– Не поеду! – негромко, но очень отчетливо произнесла фея. – Не имеете права!
– Как же? – удивился фон Ахенвальд. – Он твой батюшка, он решает, как тебе жить до тех пор, пока ты замуж не выйдешь. Твое же дело беспрекословно ему подчиняться, так благонравные девицы обязаны поступать.
– Я не благонравная! – заверещала фея. – Я сама по себе!
– Может, мастера-экзекутора позвать? – деловито осведомился у меня великий магистр. – Мы молодых оруженосцев частенько порем за провинности, через это дело они быстрее понимают то, как надо родной орден любить. Ваша дочь не оруженосец, но ей маленько всыпать тоже не помешает.
– Золотые слова, – умилился я и поманил фею пальцем. – Иди сюда, дитя мое. Будем тебе ума-разума вкладывать древним, но эффективным методом.
По Трень-Брень было видно, что она всерьез перепугалась. Игра-то игрой, но по заднице и здесь никто получать не хочет, мне ли этого не знать?
– Вы чего? – фея вспорхнула повыше и уцепилась за цепь на которой висел железный кругляш с горящими свечами, выполнявший здесь роль люстры. – Совсем уже?
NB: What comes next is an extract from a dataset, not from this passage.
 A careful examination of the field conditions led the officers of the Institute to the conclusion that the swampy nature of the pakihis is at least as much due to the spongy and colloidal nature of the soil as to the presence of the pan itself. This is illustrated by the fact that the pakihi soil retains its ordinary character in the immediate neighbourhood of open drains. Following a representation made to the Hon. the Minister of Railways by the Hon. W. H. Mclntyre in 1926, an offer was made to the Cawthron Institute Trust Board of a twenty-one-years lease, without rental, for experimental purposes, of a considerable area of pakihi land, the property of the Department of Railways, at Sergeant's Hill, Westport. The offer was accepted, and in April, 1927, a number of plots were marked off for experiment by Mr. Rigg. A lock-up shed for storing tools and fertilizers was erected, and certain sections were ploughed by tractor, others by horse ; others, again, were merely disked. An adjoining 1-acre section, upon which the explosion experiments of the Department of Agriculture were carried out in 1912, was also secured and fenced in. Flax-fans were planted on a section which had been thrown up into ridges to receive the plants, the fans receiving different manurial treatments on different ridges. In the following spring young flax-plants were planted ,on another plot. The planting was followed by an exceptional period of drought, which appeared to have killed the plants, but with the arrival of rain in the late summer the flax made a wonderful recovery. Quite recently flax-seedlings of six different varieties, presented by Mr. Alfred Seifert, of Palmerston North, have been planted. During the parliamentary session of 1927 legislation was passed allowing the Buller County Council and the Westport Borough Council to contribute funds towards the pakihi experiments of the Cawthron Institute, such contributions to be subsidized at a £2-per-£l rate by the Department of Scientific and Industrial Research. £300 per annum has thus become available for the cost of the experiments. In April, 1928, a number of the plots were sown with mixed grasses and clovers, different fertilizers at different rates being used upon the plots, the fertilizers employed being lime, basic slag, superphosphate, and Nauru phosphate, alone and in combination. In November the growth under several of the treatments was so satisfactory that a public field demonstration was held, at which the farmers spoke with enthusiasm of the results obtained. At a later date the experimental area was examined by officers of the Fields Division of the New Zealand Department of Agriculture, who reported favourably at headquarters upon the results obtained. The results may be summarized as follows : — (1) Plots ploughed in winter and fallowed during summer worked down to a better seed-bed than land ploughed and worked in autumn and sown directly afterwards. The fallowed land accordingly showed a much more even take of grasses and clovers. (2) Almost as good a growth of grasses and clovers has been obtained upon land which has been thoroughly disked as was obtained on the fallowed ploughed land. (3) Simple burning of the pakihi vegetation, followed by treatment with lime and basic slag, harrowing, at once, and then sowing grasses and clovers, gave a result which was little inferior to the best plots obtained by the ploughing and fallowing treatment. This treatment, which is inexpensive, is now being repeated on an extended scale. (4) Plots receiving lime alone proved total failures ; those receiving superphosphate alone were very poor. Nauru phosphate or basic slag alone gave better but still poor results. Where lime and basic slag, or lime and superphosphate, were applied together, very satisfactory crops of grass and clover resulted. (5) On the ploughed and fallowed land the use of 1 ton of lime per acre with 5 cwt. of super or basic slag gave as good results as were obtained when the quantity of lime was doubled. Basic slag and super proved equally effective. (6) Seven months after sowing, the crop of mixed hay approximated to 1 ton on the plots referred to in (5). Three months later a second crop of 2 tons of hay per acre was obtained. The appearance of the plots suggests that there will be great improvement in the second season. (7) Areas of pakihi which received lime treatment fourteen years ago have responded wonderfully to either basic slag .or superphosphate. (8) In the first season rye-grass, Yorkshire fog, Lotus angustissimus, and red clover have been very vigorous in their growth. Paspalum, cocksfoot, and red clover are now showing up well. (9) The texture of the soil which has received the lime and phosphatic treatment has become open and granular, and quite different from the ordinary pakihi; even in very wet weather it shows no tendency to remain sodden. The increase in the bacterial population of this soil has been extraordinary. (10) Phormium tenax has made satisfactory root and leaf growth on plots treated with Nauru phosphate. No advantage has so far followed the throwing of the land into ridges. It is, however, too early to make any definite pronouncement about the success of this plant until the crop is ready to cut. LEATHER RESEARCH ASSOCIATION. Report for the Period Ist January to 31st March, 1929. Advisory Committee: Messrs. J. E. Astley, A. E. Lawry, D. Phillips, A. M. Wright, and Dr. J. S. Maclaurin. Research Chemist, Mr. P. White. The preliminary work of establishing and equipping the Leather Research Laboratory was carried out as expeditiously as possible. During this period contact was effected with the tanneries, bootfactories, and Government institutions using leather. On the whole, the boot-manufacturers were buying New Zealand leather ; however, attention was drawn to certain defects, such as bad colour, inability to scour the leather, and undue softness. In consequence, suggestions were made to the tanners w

– А вот не спорь со старшими, – сдвинул брови фон Ахенвальд. – Сказано – в обитель, значит – в обитель. Там тебя полезным вещам научат – вышивать гладью, варенье варить, смирению, опять же.
– Квест появился, – проскулила фея. – Меня даже название его пугает: «Путь добродетели». Хейген, я не хочу его принимать!
– Пограничные условия есть? – поинтересовался я у нее деловито. – Как тебя оттуда забрать можно будет? После выполнения квеста, по истечению времени или как-то еще? И самое главное – штрафные санкции за отказ есть?
– Ничего там нет, – жалобно шмыгнула носиком Трень-Брень.
– Принимай, – жестко сказал я. – Не развалишься, покукуешь несколько дней взаперти.
– Да не хочу я! – упорствовала фея. – Даже несколько дней. Не по мне это.
– Принимай, – добавил стали в голос я. – Так надо. Не беси меня!
– Блин, чего я с тобой поперлась? – вздохнула Трень-Брень, видимо, осознав, что деваться ей некуда. – Ладно, приняла. Чтобы я еще когда…
Надеюсь, что имелось в виду: «Чтобы я еще когда с тобой куда пошла». Если это на самом деле будет так, то я уже в огромном выигрыше.
– Ну вот, – тут же подключился к разговору фон Ахенвальд, не выказывая никакого удивления по поводу беседы, которую мы вели с феей перед этим. – Сейчас я напишу рекомендательное письмо к настоятельнице обители, и можете отправляться туда.
– А проводник? – перешел я к главному, ради чего, собственно, все это и затевалось. – Нас бы проводить туда через портал, так-то добираться в те края сколько.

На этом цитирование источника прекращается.